By Joseph White
DETROIT (Reuters) – The surprise leadership shuffle on Thursday at Toyota Motor Corp, renewed urgency at Renault and Nissan Motor Co to restructure their alliance and Elon Musk’s declaration that Tesla Inc will be the world’s No. 1 automaker by a wide margin have one thing in common: What once defined the global auto industry’s center is no longer holding.
The announcement that Akio Toyoda will step down as chief executive of the world’s top-selling automaker on April 1 came just hours after Musk used a quarterly earnings call to declare that Tesla was now the auto industry’s leader in profitability and manufacturing efficiency – the crown Toyota held for three decades.
Toyota’s incoming CEO, Koji Sato, faces a daunting task. He must accelerate the Japanese automaker’s efforts to develop more competitive electric vehicles. But he will get little breathing room from Tesla or the Chinese EV manufacturers who are using their leads in EV technology and production costs to slash prices.
Tesla already earns roughly seven times as much per vehicle as Toyota. Its 17% pretax margins are roughly double the average for the rest of the industry. And after a rough 2022 for the company’s shares, the stock has gained 28% to open up 2023.
Musk hinted again on Wednesday that Tesla is working on a new vehicle that could sell profitably for under $30,000 – which would compete head-on with mass market models from Toyota, Volkswagen AG, Ford Motor Co and General Motors Co.
Musk has in the past teased products that took far longer to deliver than he initially promised, such as the long-delayed Cybertruck.
But the Tesla chief’s ambitions are clear: To reorder the auto industry hierarchy that for decades had Toyota at the top.
“I don’t think you could see a second place with a telescope, at least we can’t,” Musk said when asked how the auto industry could look in five years.
THE SHIFTING GROUND
Global automakers are experienced with periods of feast and famine that come on roughly seven-to-ten year cycles. What is happening now is different.
The shocks of the pandemic, two years of supply-chain chaos and possibly a recession this year are colliding with a once-in-a-century shift of the industry’s fundamental technology.

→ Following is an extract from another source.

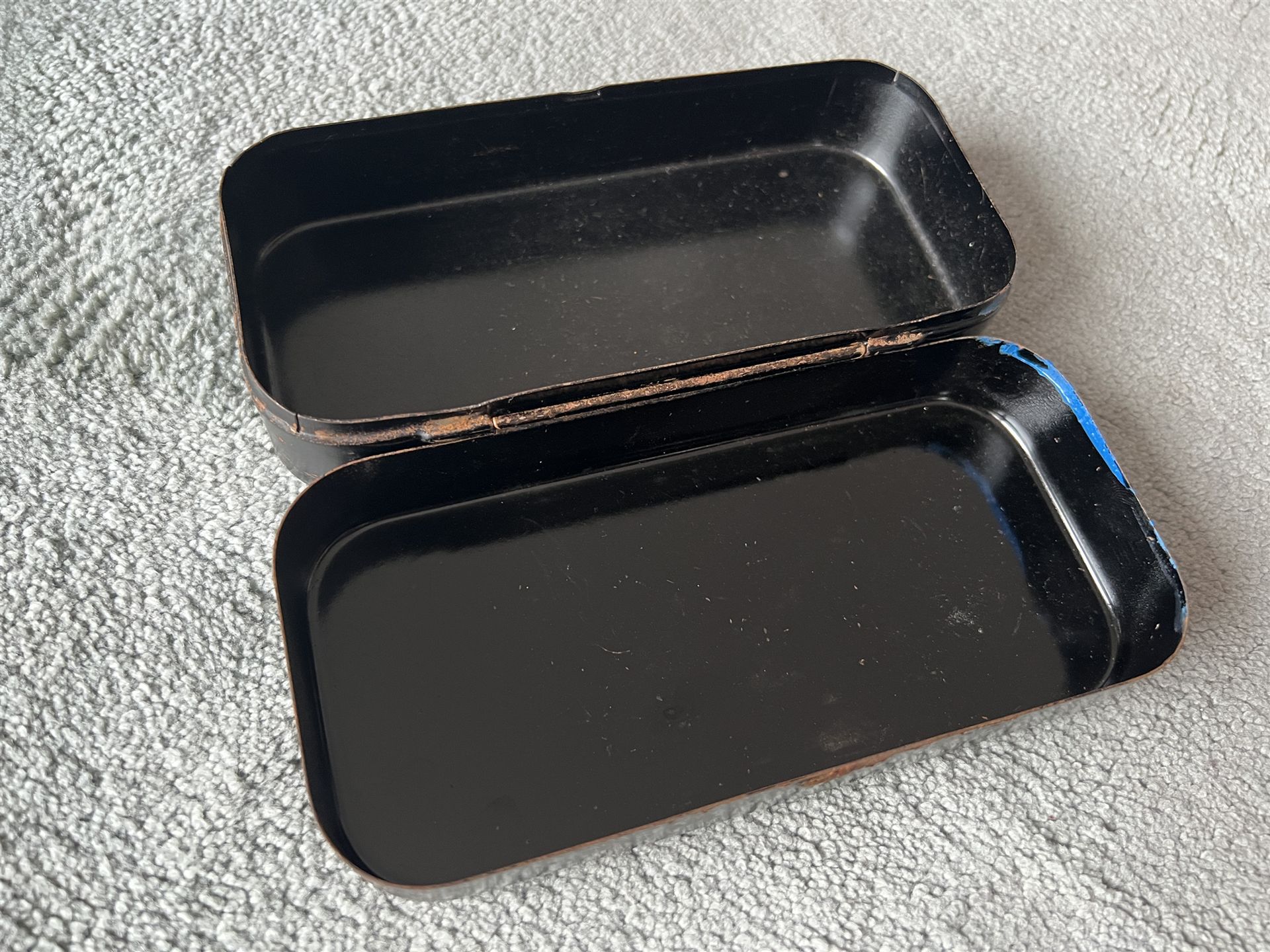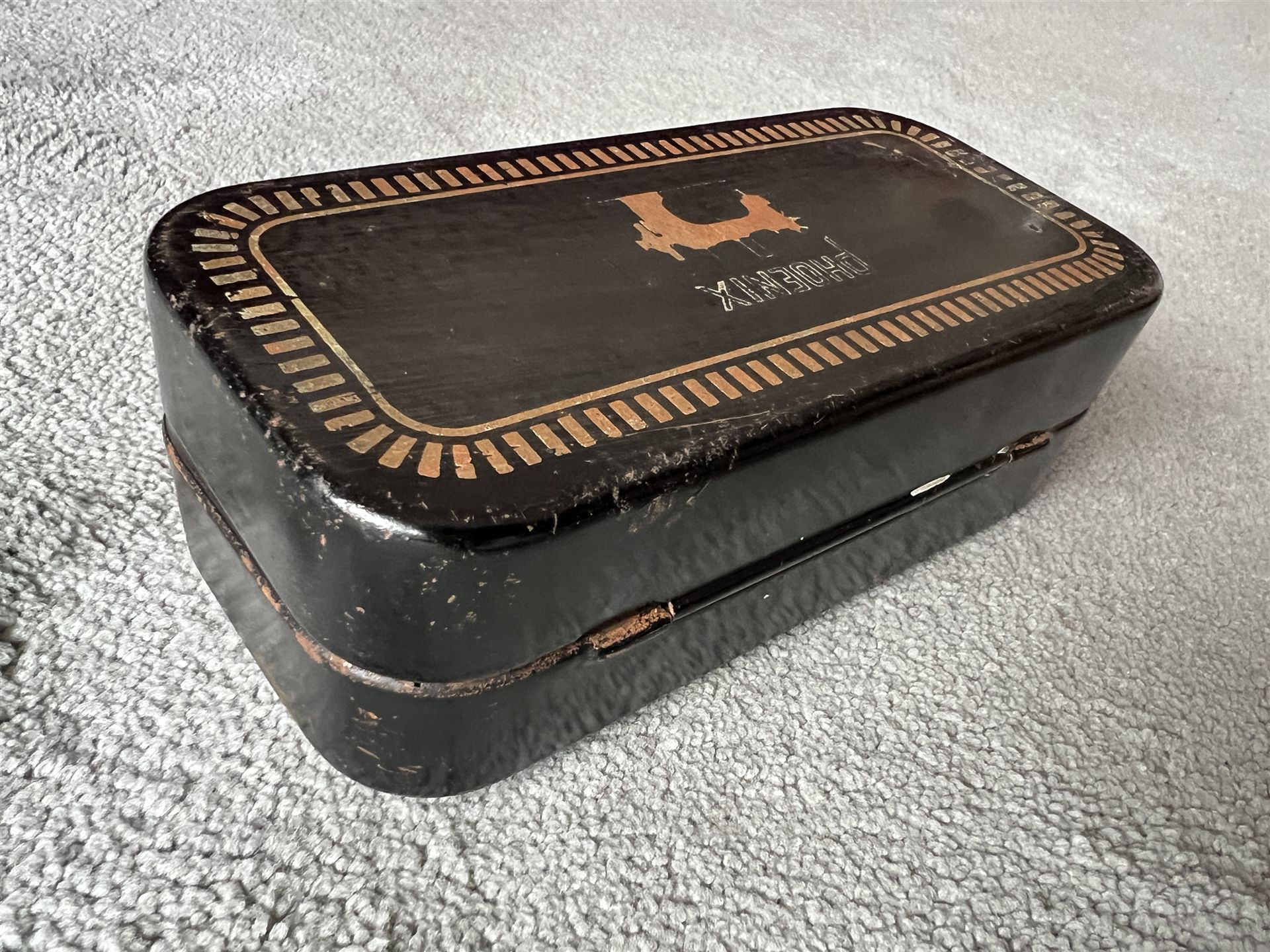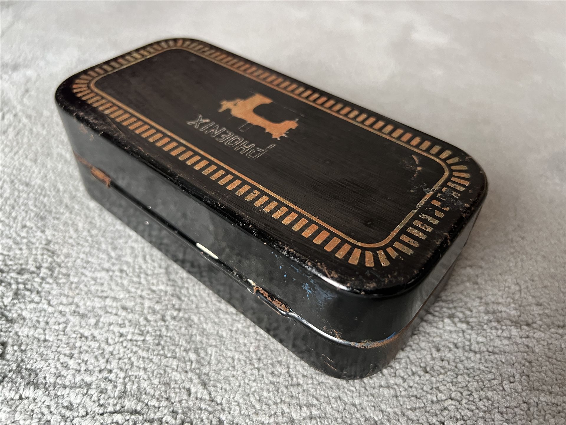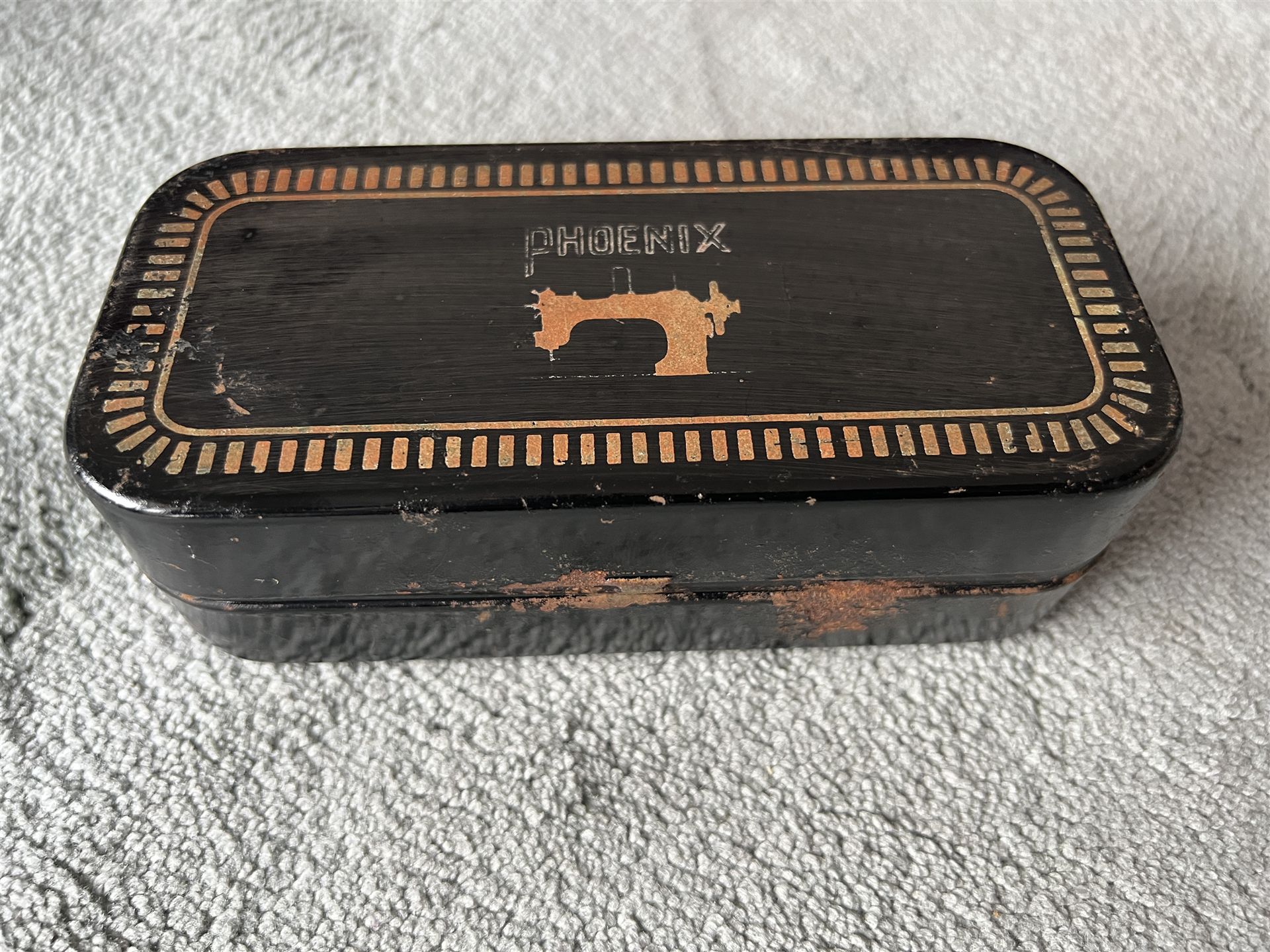 Ich biete eine alte Blechdose für eine Phoenix Nähmaschine an.

As combustion vehicles give way to electric vehicles with high-powered computer chips for brains, many of the advantages of incumbency that Toyota enjoyed are withering away.

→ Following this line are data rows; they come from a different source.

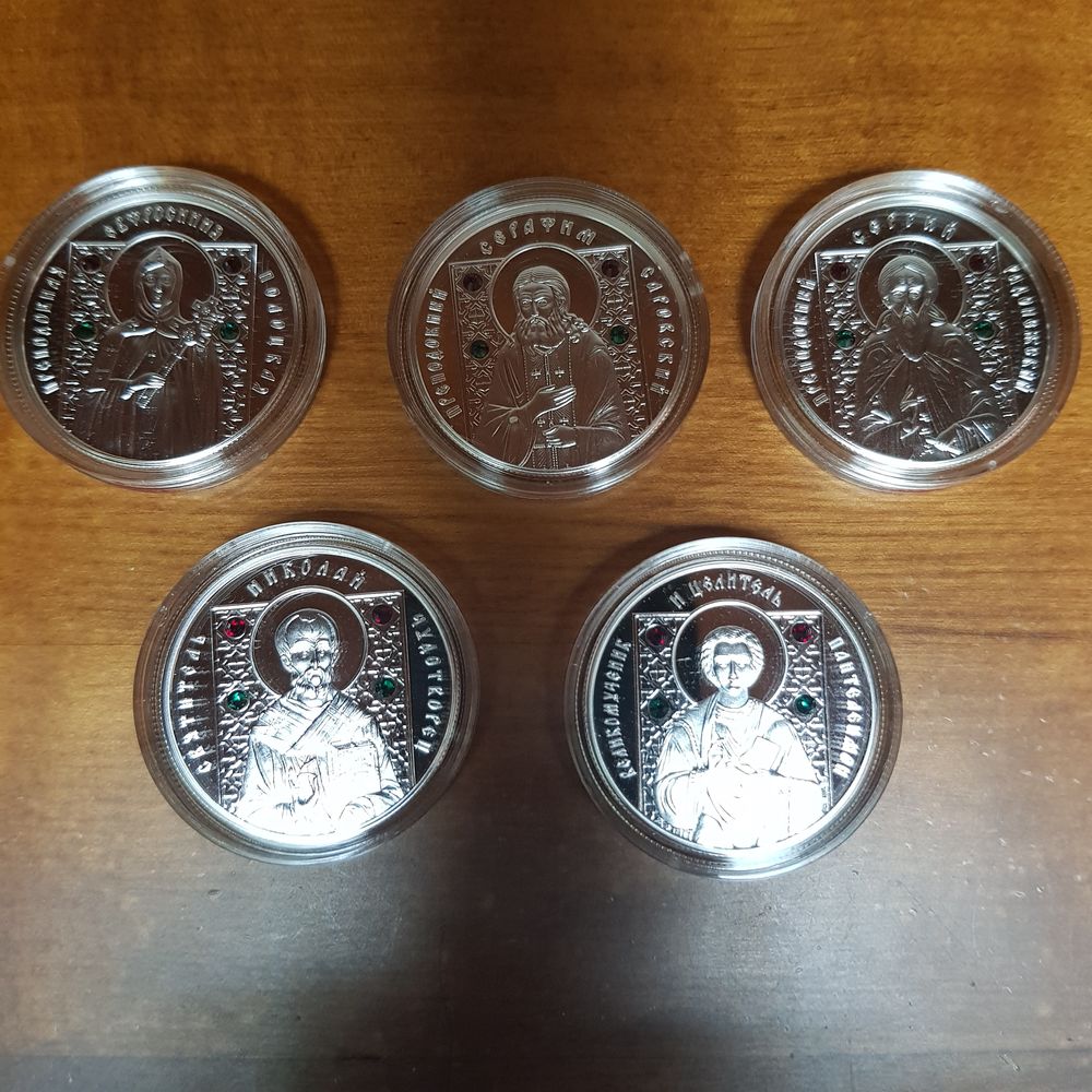 509. Православные святые 5*20 рублей комплект, 2013 г. Преподобные Ефросиния Полоцкая, Серафим Саровский, Сергий Радонежский, Святитель Николай Чудотворец, Великомученик и целитель Пантелеймон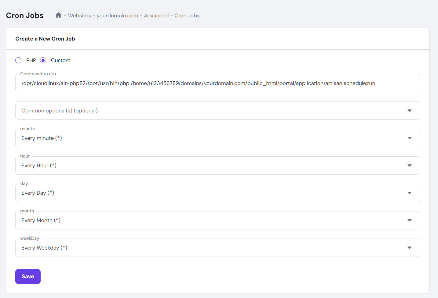 /opt/cloudlinux/alt-php82/root/usr/bin/php /home/u000000000/domains/yourdomain.com/public_html/application/artisan schedule:run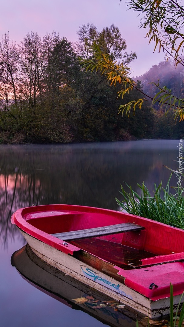 Edytor tapety: Czerwona łódka na brzegu jeziora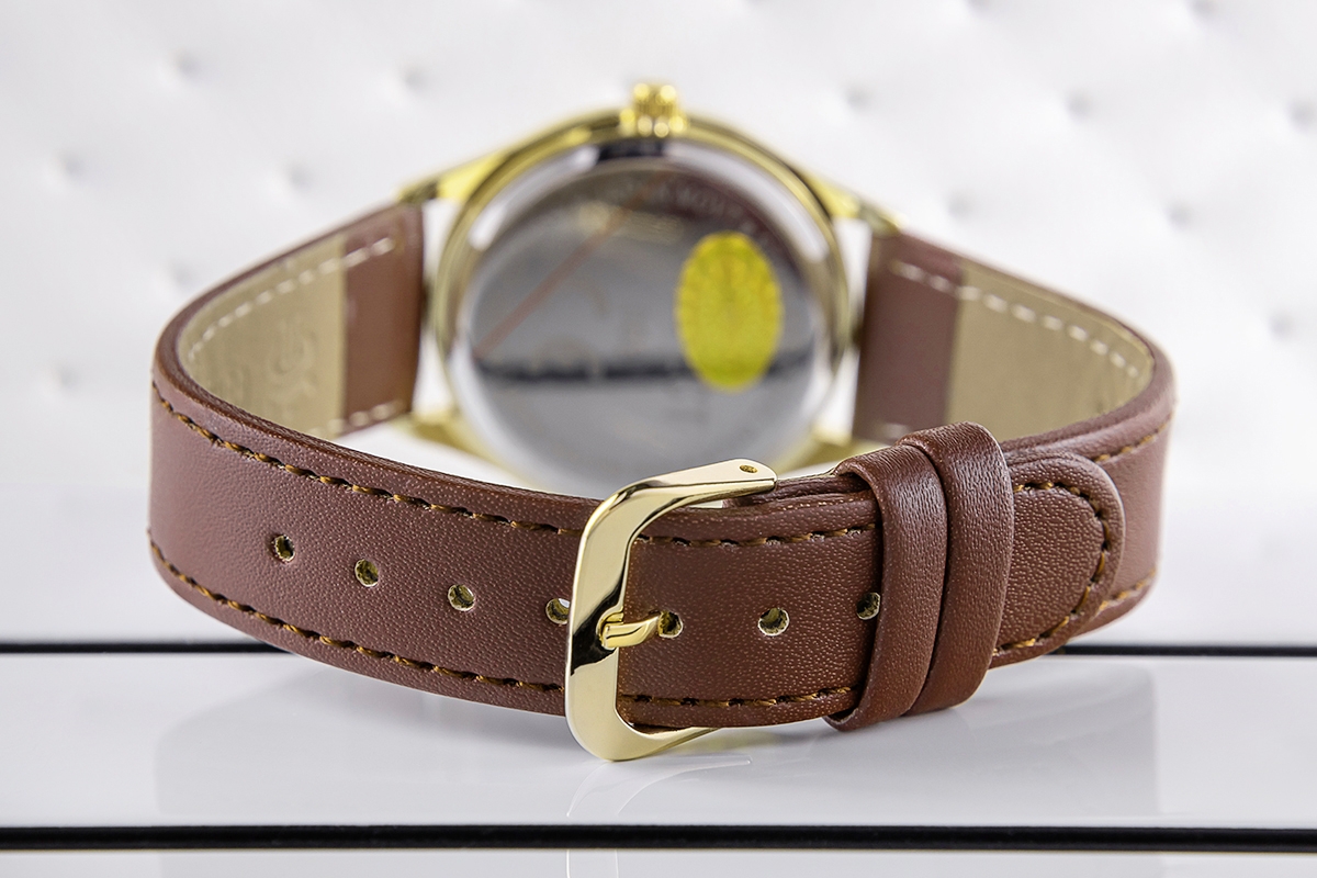 Brązowy pasek, starannie wykończony brązową nitką, wprowadza nutę przytulności i stylu, doskonale harmonizując z resztą zegarka. To idealny wybór dla kobiety, która pragnie podkreślić swoją indywidualność i wyrafinowanie w codziennych stylizacjach. Z tym zegarkiem każda chwila nabiera wyjątkowego blasku.

The shift to electric, computerized and software-driven vehicles has opened the door for Tesla and other startups, particularly in China, to re-set the ground rules for competition. Tesla’s price war could be just the start.
“We question whether competitors can keep up in this EV race,” Morgan Stanley auto analyst Adam Jonas wrote in a note this week.

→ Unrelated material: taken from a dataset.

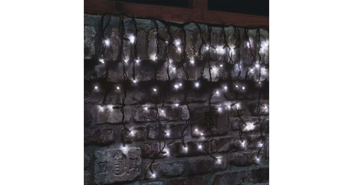 Strona główna Kurtyna świetlna LED KSF 204/WH, 2x2 m / 204 diody LED o barwie zimnej bieli, światło ciągłe, przewód czarny, możliwość aranżacji, do zastosowań zewnętrznych i wewnętrznych

Incumbent automakers can no longer count on refinement of mature vehicle technology to stay competitive. Established automakers are investing heavily in EVs – some faster and with more success than others.
South Korea’s Hyundai Motor Co on Thursday reported better-than-expected results powered in part by strong sales of its new EV lineup. Hyundai forecast its EV sales would grow by 54% this year – a faster growth pace than Tesla has forecast.
Chinese manufacturers pouring EVs into Europe have as much as a 10,000 euro cost advantage ($10,600), Patrick Koller, chief executive of auto supplier Forvia, said earlier this month.
The intensifying competition puts pressure on Renault and Nissan to resolve negotiations to restructure their alliance. The companies are now aiming to announce a deal – including an investment by Nissan in Renault’s EV unit – by Feb. 6, sources told Reuters.
Renault and Nissan once argued that their alliance gave them significant advantages in economies of scale. That potential still exists. But first they will have to fight to stay at their current size as Tesla and Chinese manufacturers try to strip away their sales.
“Even though the market is shrinking, we’re growing and EVs have doubled almost year-over-year,” Tesla Vice President Lars Moravy told analysts on Wednesday. “We always look at it as how much of the total vehicle space do we have, and we’re just going to keep growing in that space. There’s 95% for us to go get.”